Isn't Gauss' Law for electric fields $=\frac{q_{enc}}{\epsilon_0}$derived based on the assumption that the $r^2$ (one from $d\vec{S}_{spherical}$ and the other from $\vec{E}$) cancel, otherwise the flux would depend on the radius of the sphere and we would need to know the relation between $k$ and $q_{enc}$?

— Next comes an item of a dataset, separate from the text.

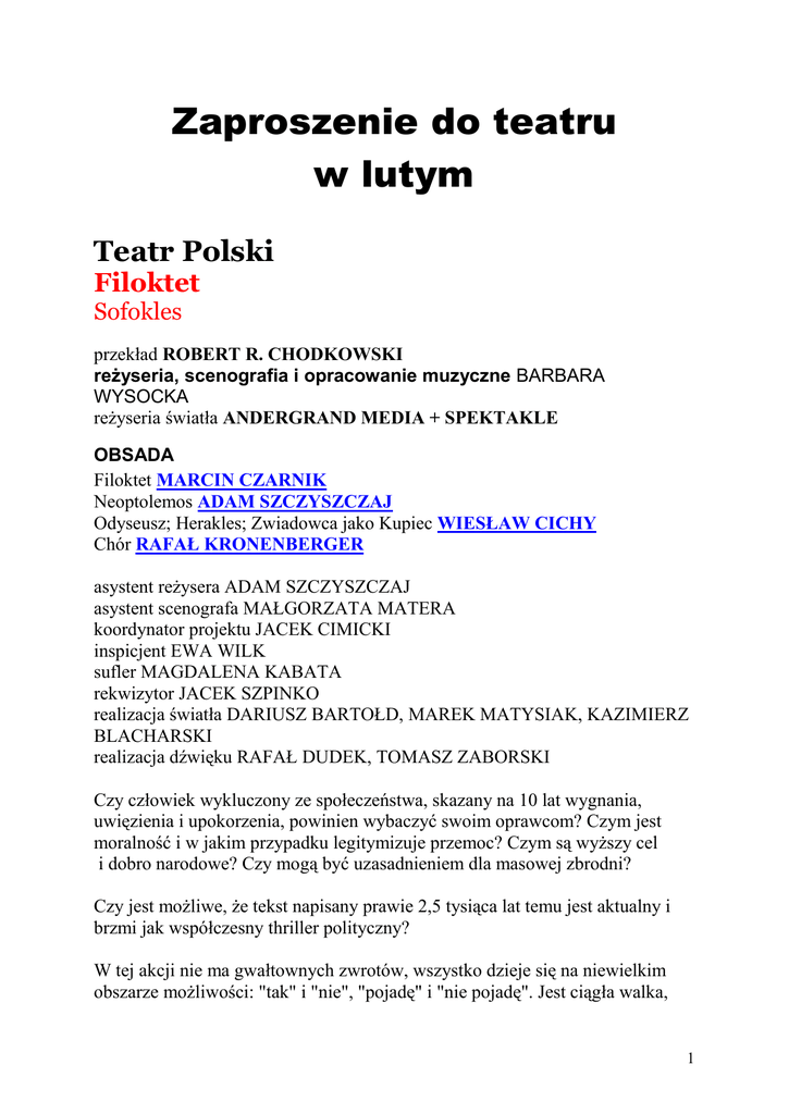 Zaproszenie do teatru w lutym Teatr Polski Filoktet Sofokles przekład ROBERT R. CHODKOWSKI reżyseria, scenografia i opracowanie muzyczne BARBARA WYSOCKA reżyseria światła ANDERGRAND MEDIA + SPEKTAKLE OBSADA Filoktet MARCIN CZARNIK Neoptolemos ADAM SZCZYSZCZAJ Odyseusz; Herakles; Zwiadowca jako Kupiec WIESŁAW CICHY Chór RAFAŁ KRONENBERGER asystent reżysera ADAM SZCZYSZCZAJ asystent scenografa MAŁGORZATA MATERA koordynator projektu JACEK CIMICKI inspicjent EWA WILK sufler MAGDALENA KABATA rekwizytor JACEK SZPINKO realizacja światła DARIUSZ BARTOŁD, MAREK MATYSIAK, KAZIMIERZ BLACHARSKI realizacja dźwięku RAFAŁ DUDEK, TOMASZ ZABORSKI Czy człowiek wykluczony ze społeczeństwa, skazany na 10 lat wygnania, uwięzienia i upokorzenia, powinien wybaczyć swoim oprawcom? Czym jest moralność i w jakim przypadku legitymizuje przemoc? Czym są wyższy cel i dobro narodowe? Czy mogą być uzasadnieniem dla masowej zbrodni? Czy jest możliwe, że tekst napisany prawie 2,5 tysiąca lat temu jest aktualny i brzmi jak współczesny thriller polityczny? W tej akcji nie ma gwałtownych zwrotów, wszystko dzieje się na niewielkim obszarze możliwości: "tak" i "nie", "pojadę" i "nie pojadę". Jest ciągła walka, 1 ciągła gra, zakładanie kolejnych masek. Wszystko po to, aby umożliwić dokonanie masakry. Wydarzenia, które obserwujemy, to tylko prolog do zagłady. Czterech aktorów, pusta przestrzeń, dźwięki gitary basowej i wiele pytań. Mit Filokteta Filoktet był królem Tesalii, synem Pojasa, sławnym łucznikiem, właścicielem łuku Heraklesa ze strzałami zatrutymi krwią Hydry lerneńskiej. Dostał go od herosa za podpalenie jego stosu pogrzebowego. Opowieść o Filoktecie jest częścią mitu wojny trojańskiej. Jej bezpośrednią przyczyną stało się porwanie przez Parysa, księcia trojańskiego, syna Priama, Heleny, najpiękniejszej kobiety, córki Zeusa. Helena była żoną Menelaosa, brata Agamemnona, który stanął na czele wojsk Greków szykujących się do wojny z Trojanami. W czasie wyprawy flota Greków zatrzymała się na wyspie Chryse, gdzie podczas uczty ofiarnej Filoktet został ugryziony w stopę przez węża wodnego. Rana się nie goiła, a raczej jątrzyła, wydzielając trudny do zniesienia smród, i wywoływała gwałtowne napady bólu. Krzyki Filokteta i odstręczający zapach rany utrudniały towarzyszom wyprawy udział w religijnych obrzędach, postanowili więc pozbyć się łucznika. Porzucili go podczas następnego postoju na bezludnej wyspie Lemnos, zostawiając mu jego łuk. Wojna trojańska toczyła się już dziewiąty rok. Odyseuszowi udało się porwać młodszego syna Priama – Helenosa, brata bliźniaka Kasandry i tak jak ona obdarzonego darem wieszczenia. Ujawnił on, że Troja nie zostanie zdobyta, dopóki nie przybędą Filoktet ze swoim łukiem i Neoptolemos – młodociany syn Achillesa. Po obu ruszyła wyprawa pod wodzą Odyseusza. Neoptelemosa wabiła przyszłą sławą i posiadaniem zbroi ojca. Filokteta namawiał Herakles. Los Troi został przesądzony. Prapremiera polska na Scenie na Świebodzkim 30 listopada 2012 Spektakle 26 i 27 lutego o 19.00, Scena na Świebodzkim Teatr Współczesny Rewizor. Według Bobczyńskiego scenariusz, reżyseria, scenografia, kostiumy: Agata Duda-Gracz muzyka: Jakub Ostaszewski choreografia: Tomasz Wesołowski 2 światło: Katarzyna Łuszczyk multimedia: Karol Rakowski asystent reżysera: Agata Schweiger dramaturg: Aneta Cardet inspicjent: Elżbieta Kozak Obsada: Rewizor – x x x Horodniczy - Krzysztof Kuliński Żona - Ewelina Paszke-Lowitzsch Córka - Katarzyna Z. Michalska Pani Chłopow - Irena Rybicka Ten Niemiec - Maciej Tomaszewski Liapkin-Tiapkin - Piotr Łukaszczyk (gościnnie) Ziemlianika - Krzysztof Boczkowski Szpiekin - Michał Szwed Dzierżymorda – Tomasz Wesołowski (gościnnie) Chinka – Wiktoria Pei (gościnnie) Dobczyński – Michał Dudziński Bobczyński – Tomasz Schimscheiner (gościnnie) premiera: 14 stycznia 2012, Duża Scena Po sukcesie przedstawienia „Według Agafii” na podstawie „Ożenku” Mikołaja Gogola, nagrodzonego łódzką nagrodą teatralną Złota Maska za reżyserię i scenografię, Agata Duda-Gracz ponownie sięga do twórczości tego pisarza. Wydaje się, że fabuła Gogolowskiego „Rewizora” jest polskiemu widzowi teatralnemu dobrze znana. Spektakl Agaty Dudy-Gracz, stworzony na podstawie jej autorskiego scenariusza opartego na kanwie tej rosyjskiej sztuki sprzed niemal 200 lat, zdaje się to komfortowe przekonanie burzyć. Nie zobaczymy w nim bowiem wyłącznie gorzko-rubasznej satyry na urzędniczy świat Rosji współczesnej Gogolowi. U Dudy-Gracz to raczej studium ludzkiej kondycji, granic jej elastyczności w ekstremalnych warunkach. To obraz człowieczego głodu samozadowolenia, jego tęsknoty za bytem doskonałym, nawet za cenę bycia przez chwilę kimś innym. To spektakl wykorzystujący zabieg teatru w teatrze; zabawa w pozory i symulację, w której symboliczna maska staje się nieodłącznym atrybutem scenicznych postaci. Niechaj i widz odważy się po jego obejrzeniu rąbek swej maski uchylić... Spektakle 22, 23 lutego o 19.15, Duża Scena 3 Teatr Lalek Jaś i Małgosia Jan Brzechwa Premiera: 7 maja 2011, godz. 15.00 Spektakl grany na scenie Teatru Piccolo Myślisz, że spektakle interaktywne to największe osiągnięcie nowoczesnego teatru? Dla Wrocławskiego Teatru Lalek interaktywność to za mało! Spektakl wpisuje się w nowoczesny nurt edukacyjny. Muzykę w przedstawieniu współtworzą dzieci. Mali widzowie „Jasia i Małgosi” nie tylko biorą aktywny udział w przedstawieniu, ale współtworzą jego „ścieżkę dźwiękową”, naśladując odgłosy leśnych zwierząt, zjawisk atmosferycznych i przyrodniczych oraz grając na instrumentach. Uwaga: Istnieje możliwość poszerzenia spektaklu o lekcje umuzykalniające, prowadzone przez studentów wrocławskiej Akademii Muzycznej. Pod opieką znakomitych dydaktyków dzieci

It is easiest to see that $\Phi_E = \oint \vec{E} \cdot d\vec{a} = \frac{q_{enc}}{\epsilon_0}$ for spherical volumes surrounding point charges, and that's generally how it's justified to students. But in fact, it holds for for *all* volumes and charge configurations (not just spherical volumes surrounding point charges). And if you buy that, you can then show that $\vec{\nabla} \cdot \vec{E} = \rho/\epsilon_0$; in other words, the two statements are equivalent. The way to show this (informally) is as follows:

Imagine a cuboid spanning the coordinates $[x, x+\Delta x]$, $[y, y+\Delta y]$, and $[z, z+\Delta z]$. We will assume that $\Delta x$, $\Delta y$, and $\Delta z$ are "small" in some appropriate sense. The net flux through the faces whose normals are in the $x$-direction is approximately $$ \Phi_{E,x} \approx [E_x(x+\Delta x, y, z) - E_x(x,y,z)]\Delta y \Delta z = \frac{E_x(x+\Delta x, y, z) - E_x(x,y,z)}{\Delta x} \Delta x \Delta y \Delta z \approx \frac{\partial E_x}{\partial x} \Delta V $$ where $\Delta V \equiv \Delta x \Delta y \Delta z$. Note that the fluxes have opposite signs because the face at $x$ has normal $-\hat{\imath}$ while the face at $x +\Delta x$ has normal $+\hat{\imath}$. Similarly, the net fluxes through the pairs of faces facing in the $y$ and $z$ directions are $$ \Phi_{E,y} \approx \frac{\partial E_y}{\partial y} \Delta V \qquad \Phi_{E,z} \approx \frac{\partial E_z}{\partial z} \Delta V $$ respectively. Thus, the total flux through these surfaces is approximately $$ \Phi_E = \left( \frac{\partial E_x}{\partial x} + \frac{\partial E_y}{\partial y} + \frac{\partial E_z}{\partial z} \right) \Delta V = (\vec{\nabla} \cdot \vec{E}) \Delta V. $$ And if Gauss's Law holds for this volume, which holds a charge $\Delta q$, then we have $$ (\vec{\nabla} \cdot \vec{E}) \Delta V \approx \Phi_E = \frac{\Delta q}{\epsilon_0} \quad \Rightarrow \quad \vec{\nabla} \cdot \vec{E} \approx \frac{1}{\epsilon_0} \frac{\Delta q}{\Delta V} \approx \frac{\rho}{\epsilon_0}. $$ All of the "approximately equals signs" above become exact equalities in the limit that $\Delta x, \Delta y, \Delta z \to 0$.